Required action
The lines to extract begin at the line that contains "Clean Tech professionals" and run through the last line of the listing; reproduce them exactly, minus any pictures.

Data below
————————

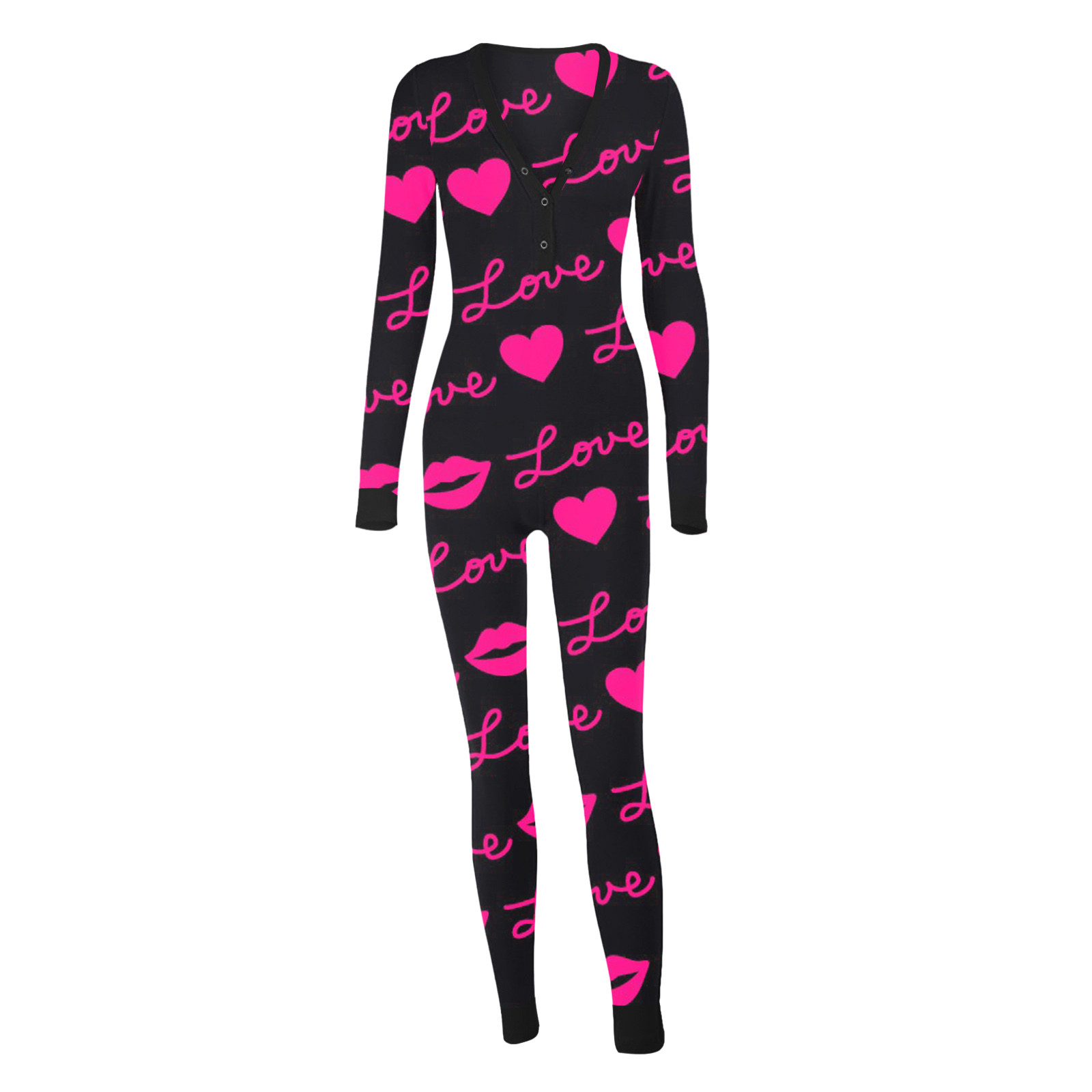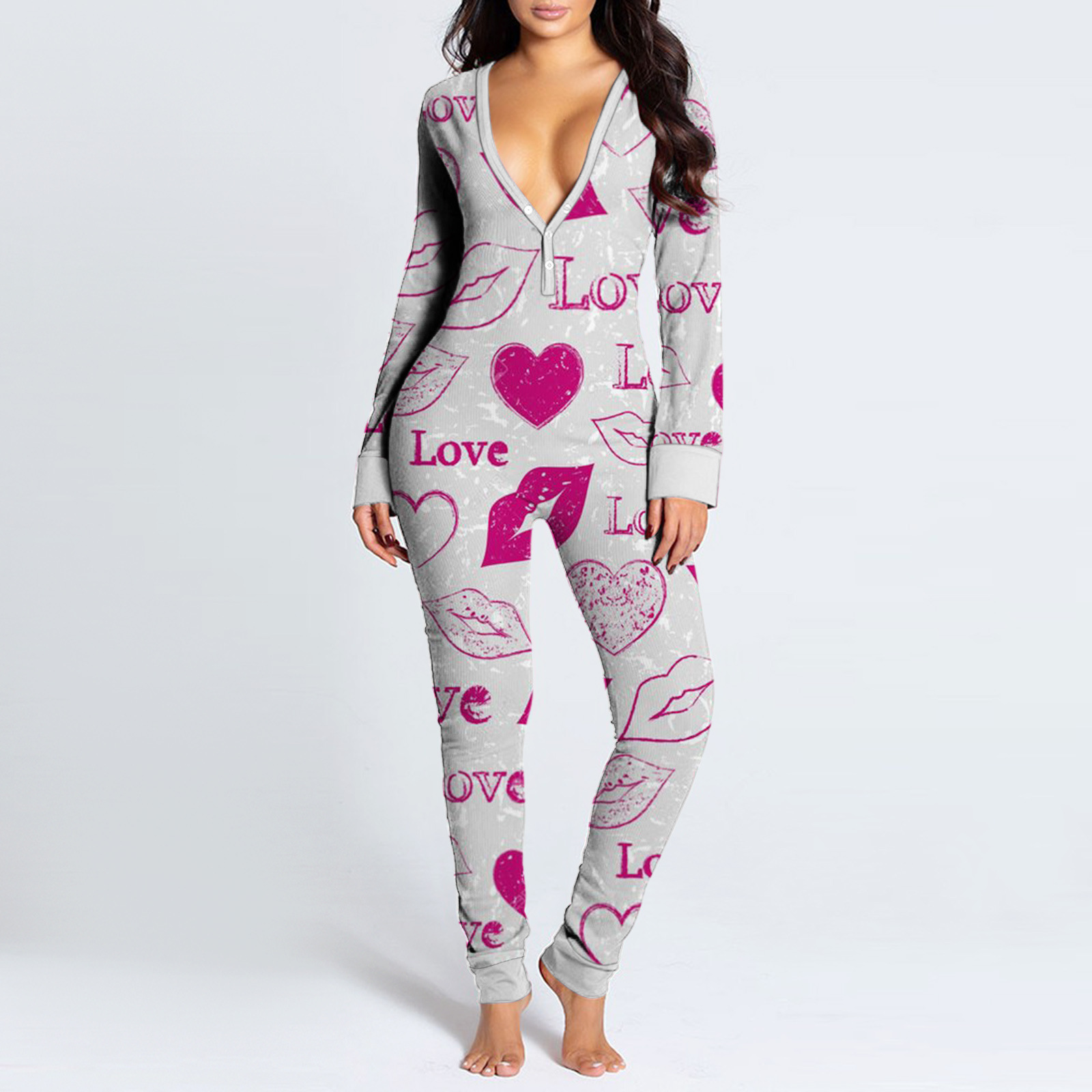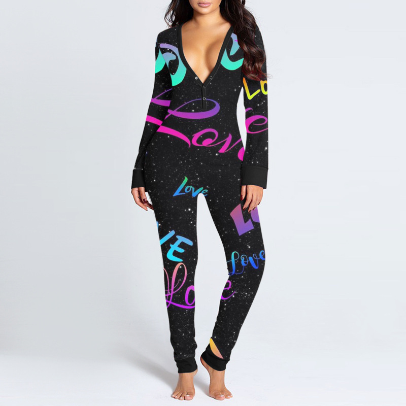 Women's Pajama Jumpsuit Print Deep V
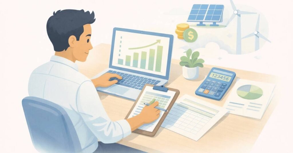 Clean Tech professionals discussing sales growth, finance charts, and partnerships with renewable energy background
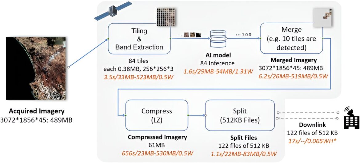 Simulation du processus de détection de fumée embarqué à l'aide de l'IA, détaillant les étapes de mosaïque, d'extraction de bande, d'inférence de modèle d'IA, de fusion d'images, de compression et de segmentation de fichiers pour la liaison descendante, ainsi que leurs besoins respectifs en matière de temps, de mémoire et d'alimentation. Crédit: Journal IEEE sur des sujets sélectionnés en observation appliquée de la Terre et en télédétection (2024). DOI : 10.1109/JSTARS.2024.3394574
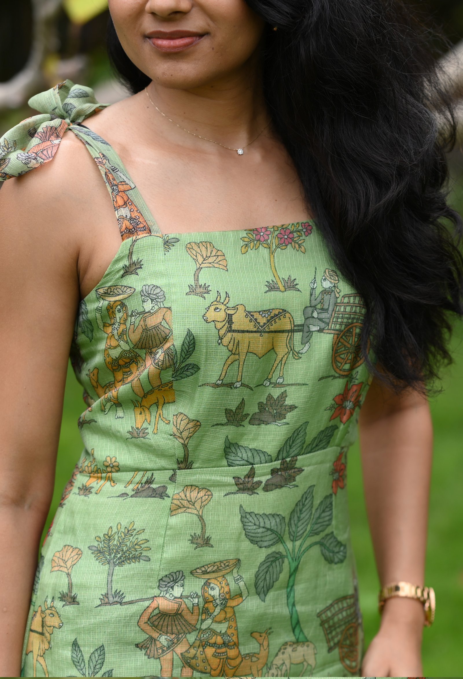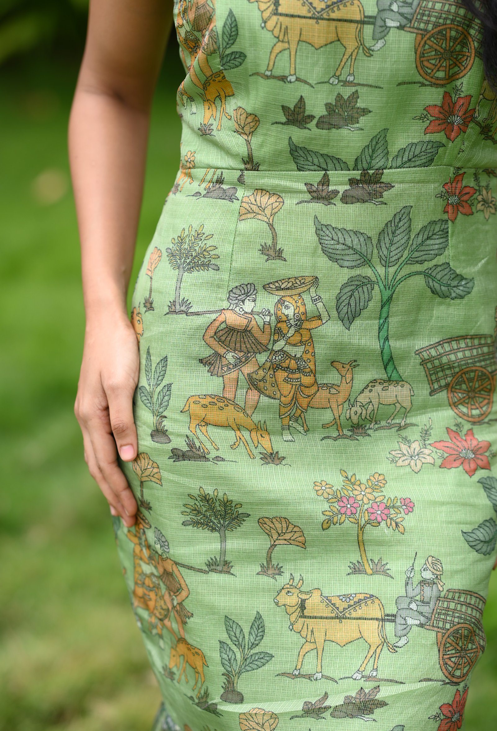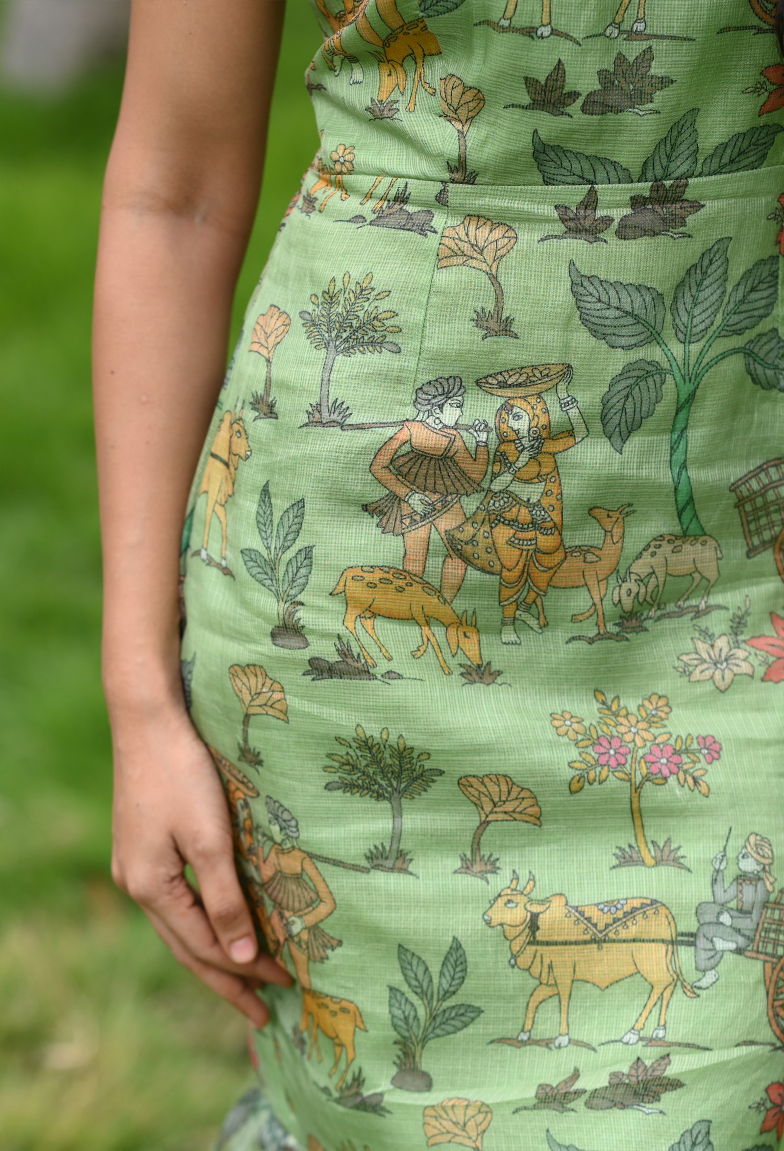 Telling tales of pastoral charm and melodic simplicity, The Mithila Dress is a poetic fusion of heritage and silhouette. Handcrafted in premium Kota Doria silk, the dress features a vivid scene of Indian village life—with folk characters, flora, bullock carts, and grazing animals—meticulously printed in earthy tones over a soft green canvas.

————————

Solution for this task
 Clean Tech professionals discussing sales growth, finance charts, and partnerships with renewable energy background
 Simulation du processus de détection de fumée embarqué à l'aide de l'IA, détaillant les étapes de mosaïque, d'extraction de bande, d'inférence de modèle d'IA, de fusion d'images, de compression et de segmentation de fichiers pour la liaison descendante, ainsi que leurs besoins respectifs en matière de temps, de mémoire et d'alimentation. Crédit: Journal IEEE sur des sujets sélectionnés en observation appliquée de la Terre et en télédétection (2024). DOI : 10.1109/JSTARS.2024.3394574
 Telling tales of pastoral charm and melodic simplicity, The Mithila Dress is a poetic fusion of heritage and silhouette. Handcrafted in premium Kota Doria silk, the dress features a vivid scene of Indian village life—with folk characters, flora, bullock carts, and grazing animals—meticulously printed in earthy tones over a soft green canvas.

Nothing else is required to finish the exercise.